A proposal to upgrade one of the builds from the infra b proposal to be able to handle 70 nodes (up from 20).

Note 1 : 1 x System Supermicro120U-TNR & 2 x Intel Platinum 8380 CPUs.

Note 2: We are open to structuring the new api to load balance across our nodes + nodes from other api providers on the network. Currently exploring the feasibility and doing this would require cooperation from 3rd parties)

Note 3 : There is a wait time of 4-6 weeks minimum and longer for certain components. We hope to have the equipment arrive in time to deploy in in Q1 2022.

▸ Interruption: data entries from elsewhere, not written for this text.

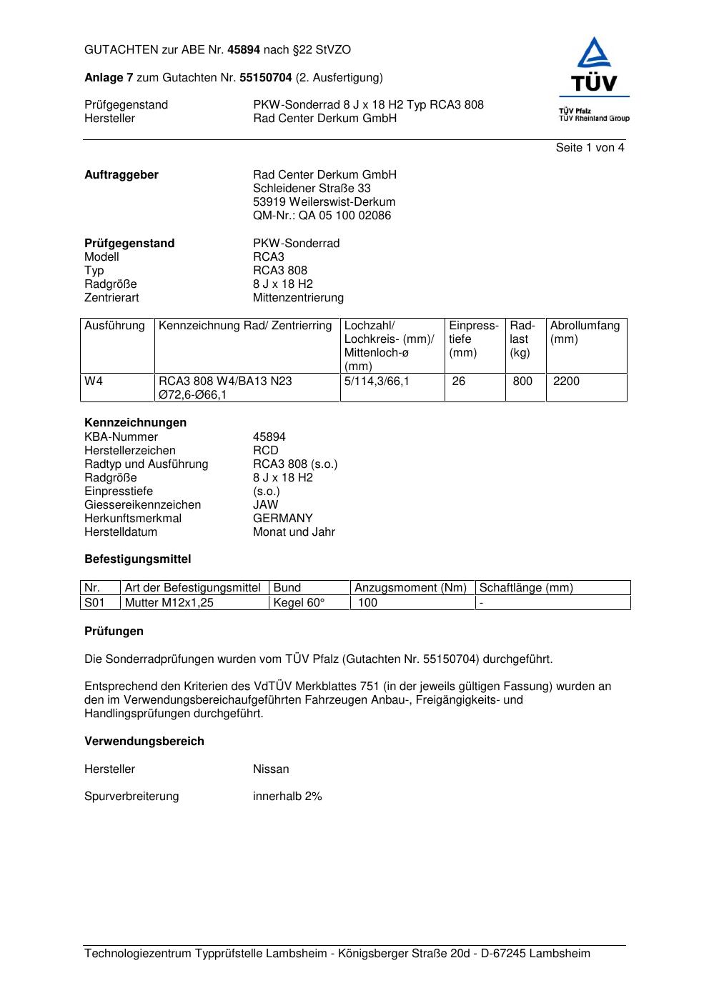 Dieses Gutachten (abe) bezieht sich auf die Alufelge Rad Center Derkum GmbH RCA3 808 in der Ausführung ET 0, Mittenloch 0 mm (KBA 45894). Im PDF findest du typischerweise zulässige Reifengrößen, Auflagen/Anbauhinweise und – je nach Dokument – Hinweise zur Eintragung.
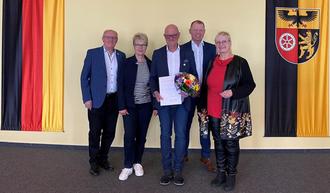 In der Ingelheimer Kreisverwaltung hat Landrätin Dorothea Schäfer im Namen der Ministerpräsidentin Malu Dreyer die Ehrennadel des Landes Rheinland-Pfalz an Wolfgang Chladeck aus Münster-Sarmsheim überreicht.
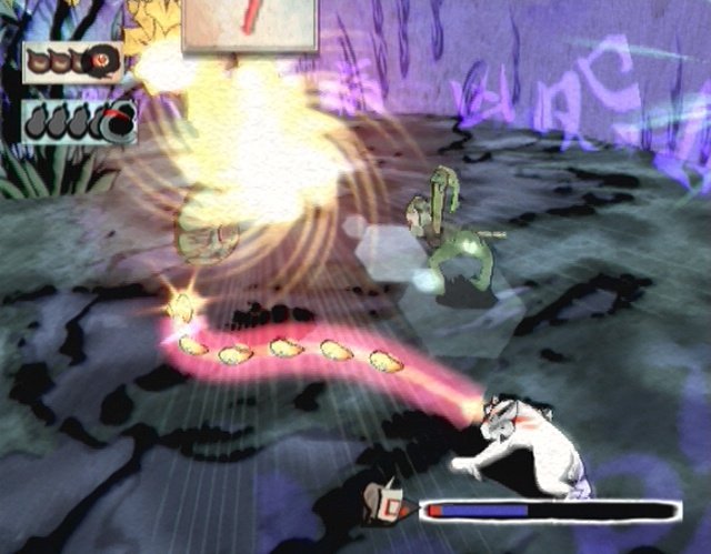 Les combats sont un déchainement de magnifiques effets (un peu trop parfois, mais c'est tellement beau) et ont un peu petit côté Devil May Cry, quand on fait jaillir l'ennemi dans les airs avec un léger ralenti pour le trancher en deux d'un coup de... pinceau !
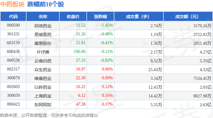 证券之星消息,10月10日中药板块较上一交易日上涨0.96%,万邦德领涨。当日上证指数报收于3897.03,下跌0.94%。深证成指报收于13355.42,下跌2.7%。中药板块个股涨跌见下表:
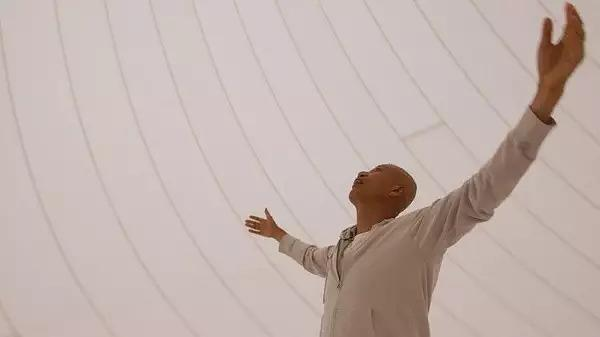看完整部影片再回想正片开始的第一段情节,越思忖越觉得耐人寻味。它或许匠心独运,或许妙手偶得,这就是纪录片的魅力。这段情节是,蔡国强来到浏阳,跟一位花炮厂经理在楼顶讨论“天梯”的构造,俩人之间,蓦地出现了一个巨大的“道”字。这可不是个简单的字眼,最基本的,它有道路的意思;在艺术上,有道器之辩;在人生论、宇宙论层面也有其复杂的内涵。相应的,《天梯》不仅回顾了蔡国强的人生道路,也讲述了他追求艺术之道乃至宇宙之道的故事。随后的画面,“道”变成了“家足道”,让人想到《易经》之“家道”。
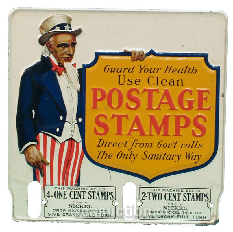Postage Stamps Vending Machine Embossed Tin Sign w/ Uncle Sam - 10" x 10"
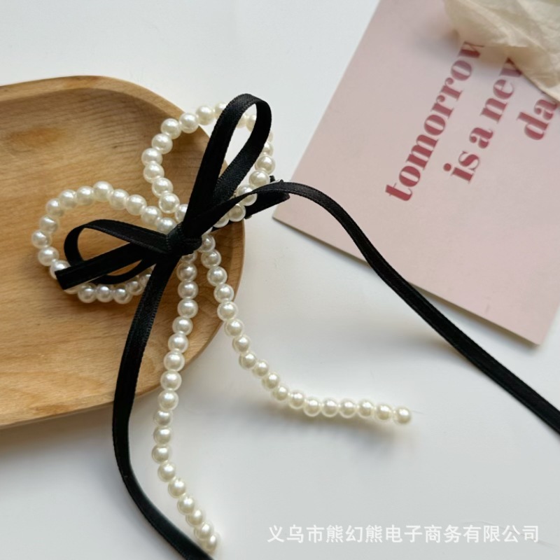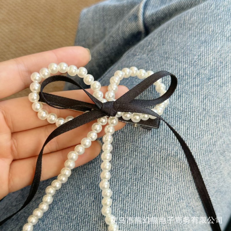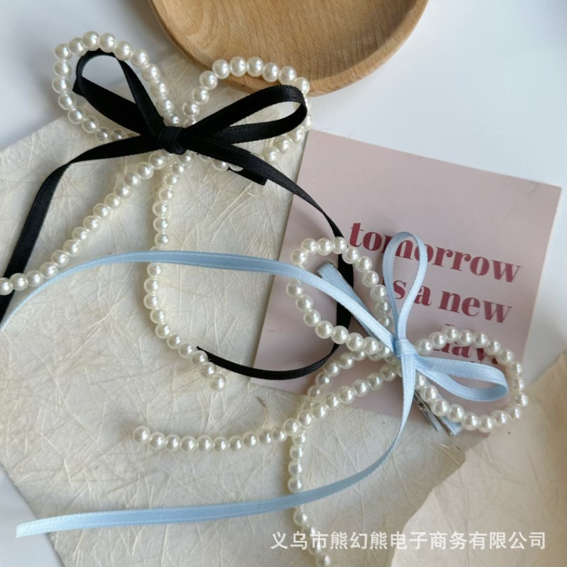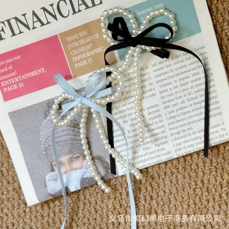 精致甜美丝带串珠彩色花朵发夹女蝴蝶结新款气质高级感刘海夹发饰
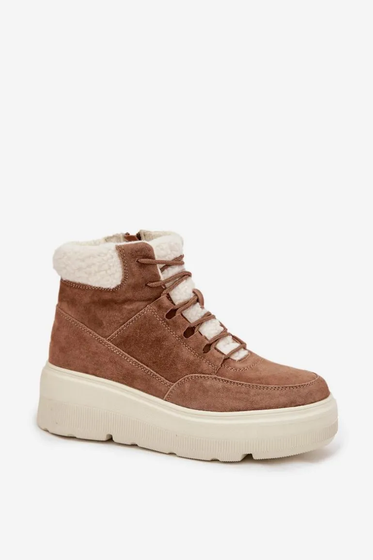 Śniegowce damskie od marki Vinceza to idealny wybór na zimowe dni! Wykonane z naturalnego zamszu, osadzone na masywnej platformie, która skutecznie izoluje stopę od zimnego podłoża. Model jest sznurowany i zapinany na zamek, co pozwala na idealne dopasowanie, a wnętrze ocieplone gwarantuje ciepło i komfort. Dodatkowe ozdobne wykończenie kożuszkiem dodaje przytulnego, modnego charakteru. Przy wyborze rozmiaru prosimy sugerować się tabelą rozmiarów.

Note 4 : This is not a discretionary budget. If the value of SCRT in this proposal increases when passed, or is more than is needed to purchase hardware, then it will be exclusively used for the purpose of upgrading the build for this specific proposal. If there is a surplus that goes unapplied to hardware upgrades, then it must go to maintenance, data center costs, and any software licenses associated with this equipment.

Budget

Hardware, Shipping, Warranty $75,010.90

Sales Tax on hardware $3,427.51

Buffer for Volatility 10% $7,843.85

= $85,732.26

Subtract $20,000 (Taking 20 nodes / $20,000 budget from Infra prop b)

Total $66,282.26

(Note: this proposal was modified from 300 nodes to 70 based on discussions and feedback)

13 Likes

This is an interesting idea. Will other users like Dan be able to bid on this? That way it’s more like a government contract.

If dan wants to continue to build out his current api I have no issue with that. This proposal is from Secret Infrastructure though, he would have to ask in his own proposal. Given dans history on the network I am not comfortable being financially tied to him on the same proposal.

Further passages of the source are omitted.